#### GIVEN DATA

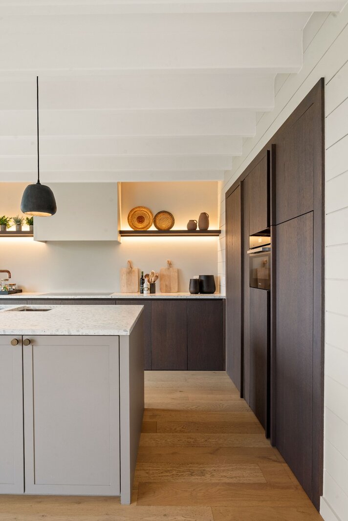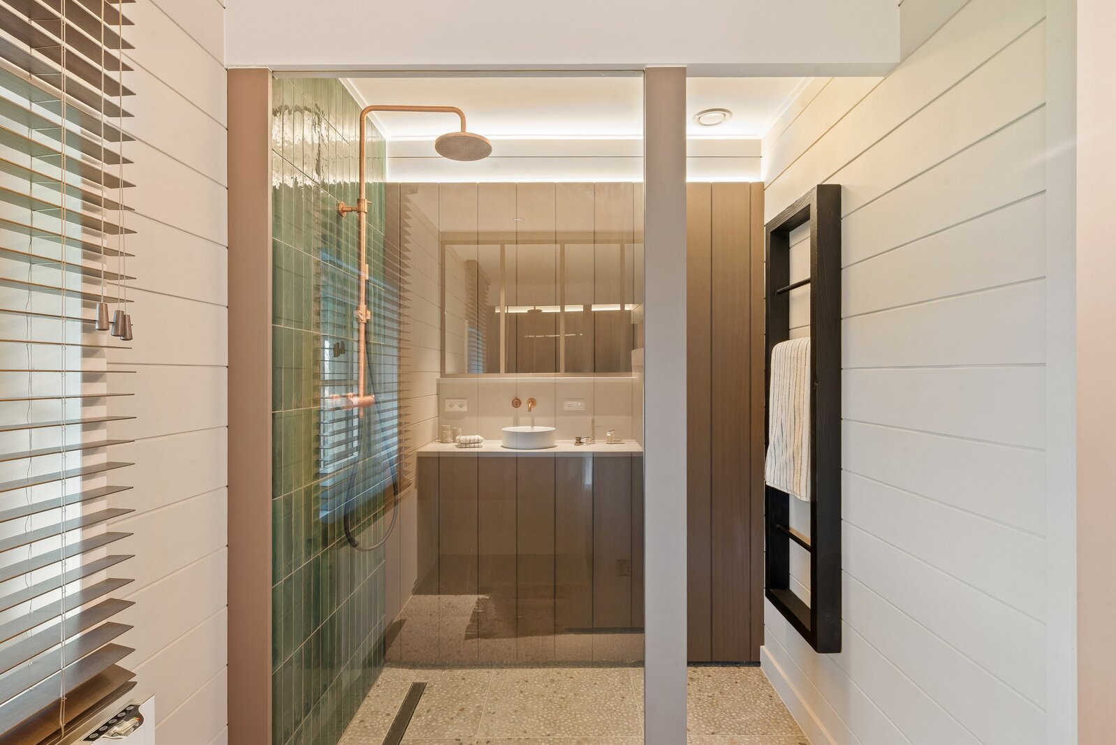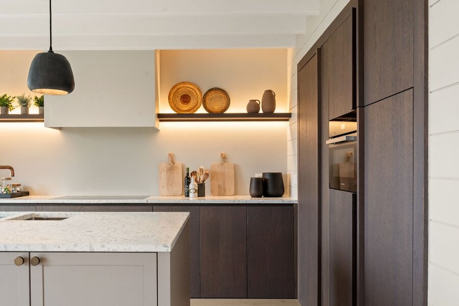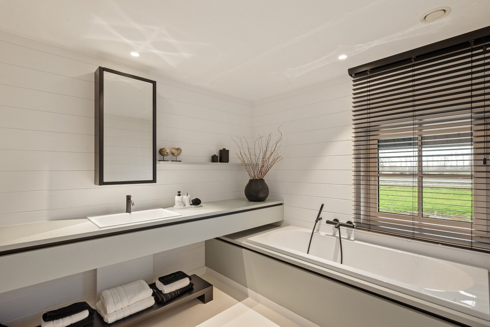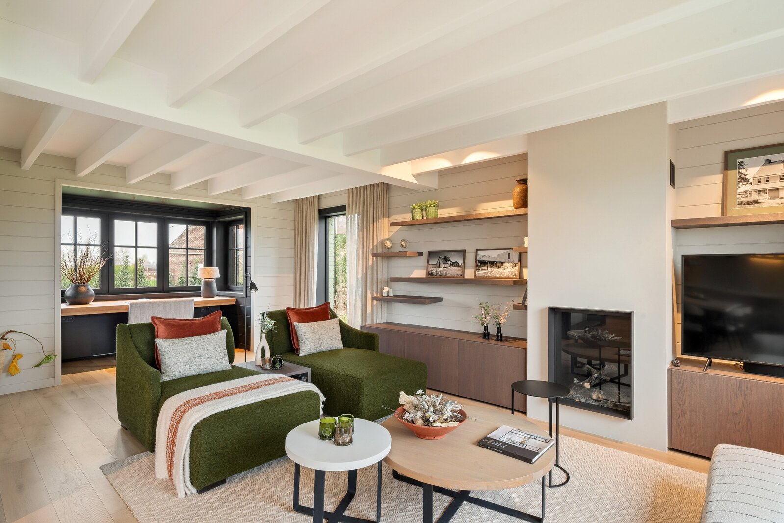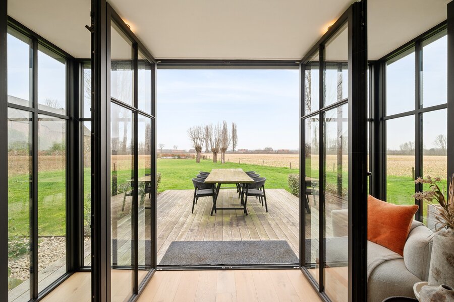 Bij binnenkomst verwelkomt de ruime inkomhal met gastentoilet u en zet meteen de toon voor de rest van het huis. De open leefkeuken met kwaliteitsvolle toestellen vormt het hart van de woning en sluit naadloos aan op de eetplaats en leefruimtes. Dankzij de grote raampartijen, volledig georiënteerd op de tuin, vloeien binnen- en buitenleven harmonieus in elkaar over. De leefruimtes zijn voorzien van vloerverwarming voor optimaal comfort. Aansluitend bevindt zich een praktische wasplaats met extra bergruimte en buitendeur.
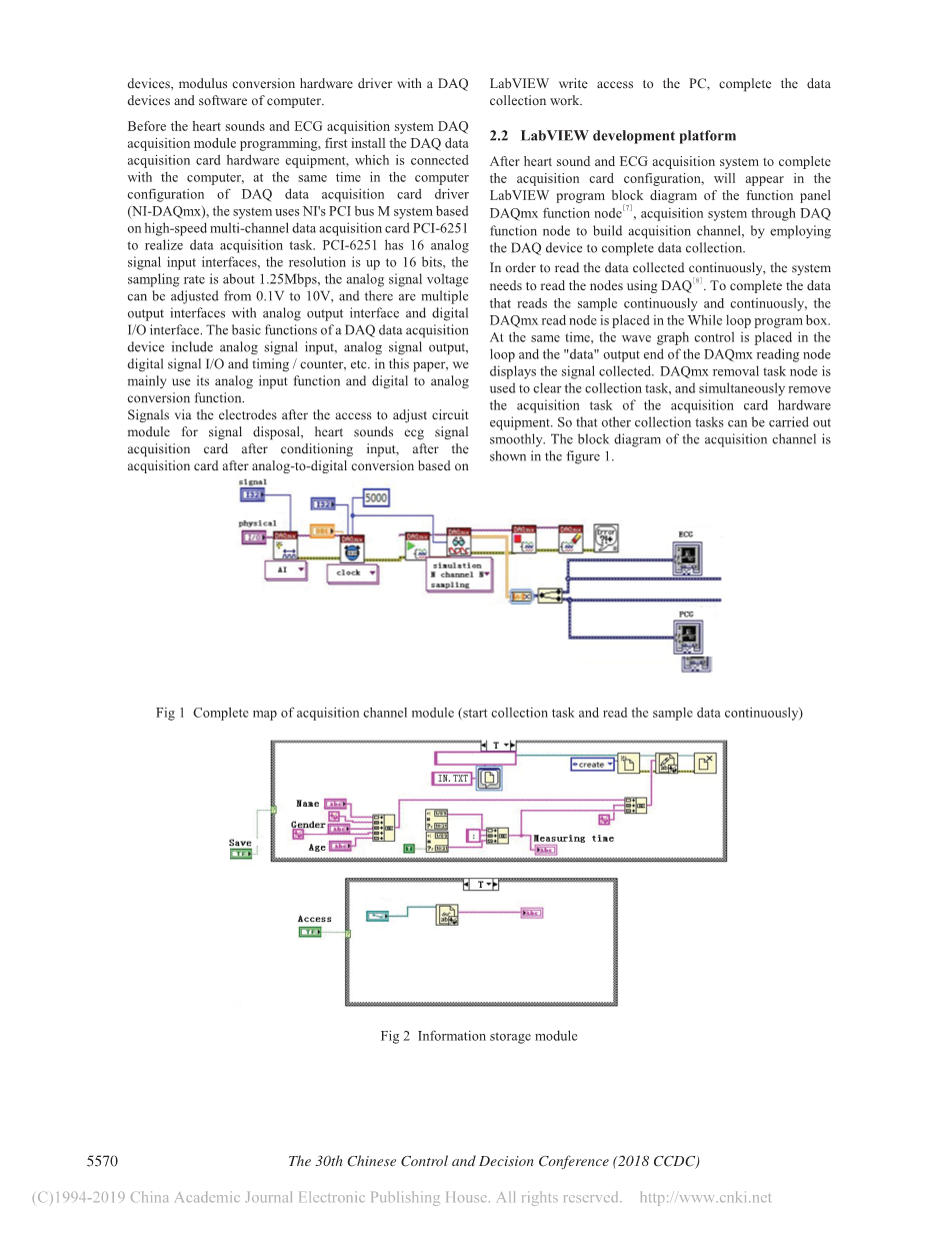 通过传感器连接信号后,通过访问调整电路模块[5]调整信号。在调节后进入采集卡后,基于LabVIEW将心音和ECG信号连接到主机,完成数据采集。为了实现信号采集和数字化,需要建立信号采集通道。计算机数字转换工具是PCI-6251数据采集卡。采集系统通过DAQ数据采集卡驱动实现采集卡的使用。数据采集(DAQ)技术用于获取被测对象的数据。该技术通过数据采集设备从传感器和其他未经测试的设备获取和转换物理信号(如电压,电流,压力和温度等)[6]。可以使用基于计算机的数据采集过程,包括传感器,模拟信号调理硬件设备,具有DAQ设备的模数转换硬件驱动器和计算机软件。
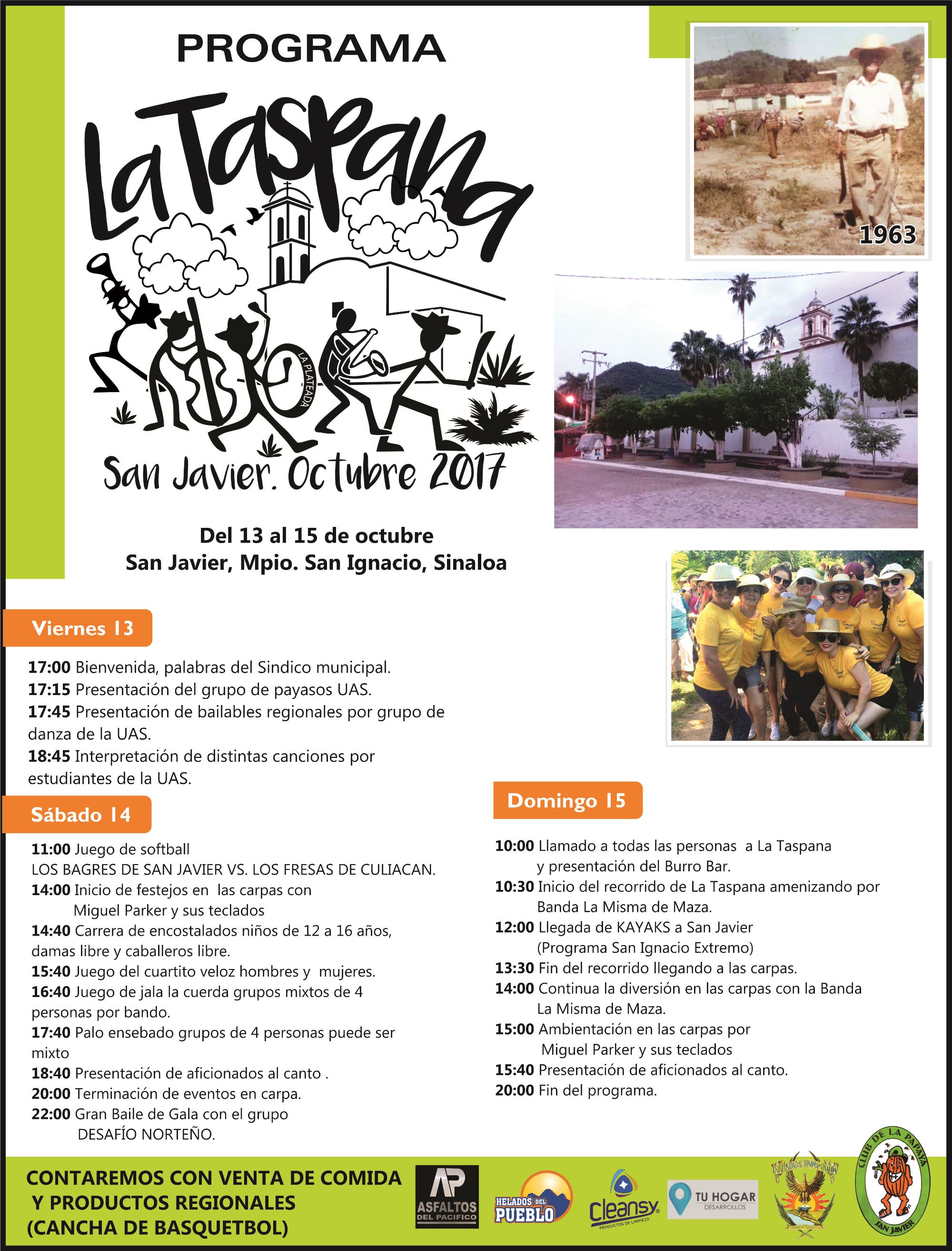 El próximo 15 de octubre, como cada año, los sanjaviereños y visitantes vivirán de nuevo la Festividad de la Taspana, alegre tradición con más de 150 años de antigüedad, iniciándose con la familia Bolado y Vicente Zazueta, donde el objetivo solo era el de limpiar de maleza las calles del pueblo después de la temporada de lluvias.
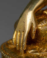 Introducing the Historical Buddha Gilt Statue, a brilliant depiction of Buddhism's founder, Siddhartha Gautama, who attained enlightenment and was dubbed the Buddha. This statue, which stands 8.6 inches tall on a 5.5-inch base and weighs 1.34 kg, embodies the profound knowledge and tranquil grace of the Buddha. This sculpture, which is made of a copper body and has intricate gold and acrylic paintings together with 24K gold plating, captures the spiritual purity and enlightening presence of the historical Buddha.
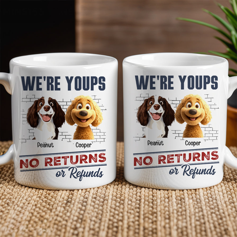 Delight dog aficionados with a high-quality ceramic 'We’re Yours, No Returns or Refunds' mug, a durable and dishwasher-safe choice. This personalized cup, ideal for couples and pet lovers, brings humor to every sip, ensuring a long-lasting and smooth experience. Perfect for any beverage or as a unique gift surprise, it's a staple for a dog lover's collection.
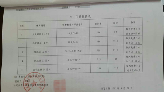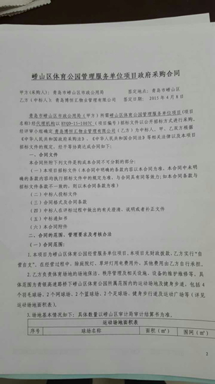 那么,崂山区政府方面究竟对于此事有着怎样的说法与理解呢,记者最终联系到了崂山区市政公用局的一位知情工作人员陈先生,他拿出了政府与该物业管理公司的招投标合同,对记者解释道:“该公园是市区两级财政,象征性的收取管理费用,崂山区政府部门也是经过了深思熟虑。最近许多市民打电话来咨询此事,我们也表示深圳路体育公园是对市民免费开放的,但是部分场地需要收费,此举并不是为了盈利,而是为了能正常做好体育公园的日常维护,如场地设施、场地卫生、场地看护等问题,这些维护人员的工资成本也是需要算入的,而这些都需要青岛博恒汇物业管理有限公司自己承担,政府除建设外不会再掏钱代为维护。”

########

• [INSTRUCTIONS TO FOLLOW] Repeat the data above exactly, images excluded.

• [SOLUTION TO THIS EXERCISE]
 Bij binnenkomst verwelkomt de ruime inkomhal met gastentoilet u en zet meteen de toon voor de rest van het huis. De open leefkeuken met kwaliteitsvolle toestellen vormt het hart van de woning en sluit naadloos aan op de eetplaats en leefruimtes. Dankzij de grote raampartijen, volledig georiënteerd op de tuin, vloeien binnen- en buitenleven harmonieus in elkaar over. De leefruimtes zijn voorzien van vloerverwarming voor optimaal comfort. Aansluitend bevindt zich een praktische wasplaats met extra bergruimte en buitendeur.
 通过传感器连接信号后,通过访问调整电路模块[5]调整信号。在调节后进入采集卡后,基于LabVIEW将心音和ECG信号连接到主机,完成数据采集。为了实现信号采集和数字化,需要建立信号采集通道。计算机数字转换工具是PCI-6251数据采集卡。采集系统通过DAQ数据采集卡驱动实现采集卡的使用。数据采集(DAQ)技术用于获取被测对象的数据。该技术通过数据采集设备从传感器和其他未经测试的设备获取和转换物理信号(如电压,电流,压力和温度等)[6]。可以使用基于计算机的数据采集过程,包括传感器,模拟信号调理硬件设备,具有DAQ设备的模数转换硬件驱动器和计算机软件。
 El próximo 15 de octubre, como cada año, los sanjaviereños y visitantes vivirán de nuevo la Festividad de la Taspana, alegre tradición con más de 150 años de antigüedad, iniciándose con la familia Bolado y Vicente Zazueta, donde el objetivo solo era el de limpiar de maleza las calles del pueblo después de la temporada de lluvias.
 Introducing the Historical Buddha Gilt Statue, a brilliant depiction of Buddhism's founder, Siddhartha Gautama, who attained enlightenment and was dubbed the Buddha. This statue, which stands 8.6 inches tall on a 5.5-inch base and weighs 1.34 kg, embodies the profound knowledge and tranquil grace of the Buddha. This sculpture, which is made of a copper body and has intricate gold and acrylic paintings together with 24K gold plating, captures the spiritual purity and enlightening presence of the historical Buddha.
 Delight dog aficionados with a high-quality ceramic 'We’re Yours, No Returns or Refunds' mug, a durable and dishwasher-safe choice. This personalized cup, ideal for couples and pet lovers, brings humor to every sip, ensuring a long-lasting and smooth experience. Perfect for any beverage or as a unique gift surprise, it's a staple for a dog lover's collection.
 那么,崂山区政府方面究竟对于此事有着怎样的说法与理解呢,记者最终联系到了崂山区市政公用局的一位知情工作人员陈先生,他拿出了政府与该物业管理公司的招投标合同,对记者解释道:“该公园是市区两级财政,象征性的收取管理费用,崂山区政府部门也是经过了深思熟虑。最近许多市民打电话来咨询此事,我们也表示深圳路体育公园是对市民免费开放的,但是部分场地需要收费,此举并不是为了盈利,而是为了能正常做好体育公园的日常维护,如场地设施、场地卫生、场地看护等问题,这些维护人员的工资成本也是需要算入的,而这些都需要青岛博恒汇物业管理有限公司自己承担,政府除建设外不会再掏钱代为维护。”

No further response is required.